I like the direction this is going!

kevinyamauchi · 2025-06-02T07:06:30Z

src/skan/csr.py

+    - [Nt], [Np], Nr, Nc: the dimensions of the source image
+    """
+    node_coordinates: np.ndarray | None
+    node_values: np.ndarray | None


What is node_values used for? Are these annotations computed from an accompanying image? If so, I don't think this should be on the core graph model because the data structure one wants to use for this will be very application specific.

Well, this is one of the things that skan computes statistics on — the values along the path. If you don't want them, you can just leave it as None, but if you add them, skan can quickly compute statistics on them, such as the mean intensity along a path. (Useful for filtering branches.) Definitely open to discussion but I think that they are generic enough to keep on the graph. Since you mention application-specific data structures, one possible enhancement would be for this to have shape (n_nodes, n_props) and you would be able to compute stats on many attributes (branch image intensity, branch thickness, branch hessian eigenvalues...) simultaneously. Alternatively, it could be a tuple of arrays, which could have arbitrary shapes, as long as the leading dimension had shape (n_nodes,).

Thoughts?

Got it. I think this is a sensible approach.

Intuitively, I might have gone for two separate objects (e.g., PathGraph, and PathData) and then functions that take a PathGraph and PathData object to do the computations you mentioned. You could still have a convenience class that has both a PathGraph and PathData object (via composition not inheritance).
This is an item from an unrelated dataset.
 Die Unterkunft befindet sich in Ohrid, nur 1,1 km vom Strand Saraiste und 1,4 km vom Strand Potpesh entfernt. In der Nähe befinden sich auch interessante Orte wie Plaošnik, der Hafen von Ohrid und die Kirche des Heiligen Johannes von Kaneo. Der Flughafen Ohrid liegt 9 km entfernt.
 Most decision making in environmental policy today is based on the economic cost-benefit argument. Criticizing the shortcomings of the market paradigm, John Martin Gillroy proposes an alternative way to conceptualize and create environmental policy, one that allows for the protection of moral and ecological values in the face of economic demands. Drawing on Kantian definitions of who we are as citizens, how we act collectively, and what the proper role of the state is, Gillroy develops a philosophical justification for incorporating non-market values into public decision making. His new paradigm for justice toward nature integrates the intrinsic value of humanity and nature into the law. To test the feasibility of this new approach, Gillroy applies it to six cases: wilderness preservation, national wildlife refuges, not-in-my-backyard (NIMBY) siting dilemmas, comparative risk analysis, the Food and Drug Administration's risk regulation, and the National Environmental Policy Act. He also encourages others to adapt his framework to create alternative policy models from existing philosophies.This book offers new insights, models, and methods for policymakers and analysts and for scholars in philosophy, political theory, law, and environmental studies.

I think this approach has a couple of advantages:

you keep the validation and serialization/deserialization logic with the data and it doesn't have to be repeated across the various functions that consume the data.

If you have multiple types of PathData (e.g., one array vs. tuple of arrays), you can dispatch the analysis functions based on the class rather than inspecting the shapes, etc. I find this to be easier to read/understand. The functions also don't have to do as much checking, etc. at runtime because the input is already validated

As a developer depending on a library, I personally find it easier to grok the framework when the data being passed around is in a class that has been validated rather than plain arrays (e.g., you can read the docstring about it in your IDE and you don't have to do any checks because it is already validated)
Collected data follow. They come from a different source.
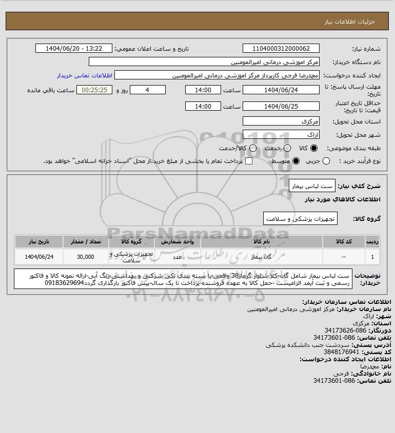 | 1 | -- | گان بیمار | عدد | تجهیزات پزشکی و سلامت | 30,000 | 1404/06/24 |
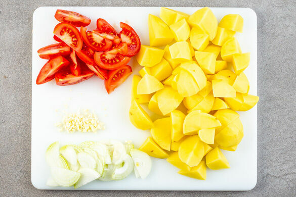 In einem großen Topf ausreichend gesalzenes Wasser für die Kartoffeln zum Kochen bringen. Die Kartoffeln schälen und grob würfeln. Die Zwiebel schälen, halbieren und in dünne Streifen schneiden. Den Knoblauch schälen und fein würfeln. Die Tomaten in dünne Spalten schneiden.
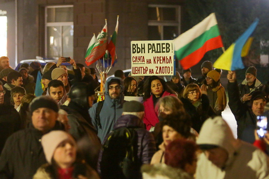 Протестиращи граждани се събраха пред президентството тази вечер въпреки студа и спряха движението по „жълтите павета“ с искане за оставка на държавния глава Румен Радев. Демонстрацията бе организирана от Инициатива „Бъдеще с памет“ и бе под надслов:

You can still "hide" these from users who don't want to know the details with convenience classes and convenience constructor/export methods

Of course this comes with the trade-off that you now have extra custom dataclasses. I think some would argue this hurts interoperability with other libraries. In most cases users will want to do a chain of operations in library A and then pass the result off to library B. I think this is largely addressed by having convience constructors and export methods. For me, this is a reasonable trade-off for the advantages I listed above, but I think the other way is also a reasonable approach.

I definitely do worry about too many levels of indirection here. For example, one could say that the coordinates themselves are also optional, really. So we can do:

CompleteSkeleton

AugmentedSpatialPathGraph

SpatialPathGraph

PathGraph

Coordinates

PathData

Images

SkeletonImage

SourceImage

I think I would rather just have optional things, especially when it comes to the graph, which could/should have:

nodes

edges

(node properties)

(edge properties)

((node coordinates))

The coordinates indeed feel even more optional for a "graph", and define rather a "spatial" graph. Also, things like spatial metadata (scale, offset/translate, pixel meaning) perhaps belong in another level of abstraction. But again I'm super worried about the depth of the tree here. ("Flat is better than nested.")

Here's another alternative, only two levels:

SpatialPathGraph

pathgraph:

adjacency (defines nodes implicitly, edges/scalar edge property explicitly)

node properties

spatial info

node coordinates

edge arcs? (this could be where paths lives)

coordinate transformations (similar/identical to ngff)

It's late here, but I kinda like it. Thoughts?

Fwiw (I would say it's not worth much), my gut feeling leans towards the last presented option, SpatialPathGraph as I feel like it's a natural differentiation between the abstract graph properties and the spatial information that is strictly speaking optional (but in reality fundamental) to most of what people would want to do with a skeleton.

I'm semi-surprised not to see edge properties also on the pathgraph, when node properties are as I would put those on the same "level" conceptually, but could be convinced otherwise.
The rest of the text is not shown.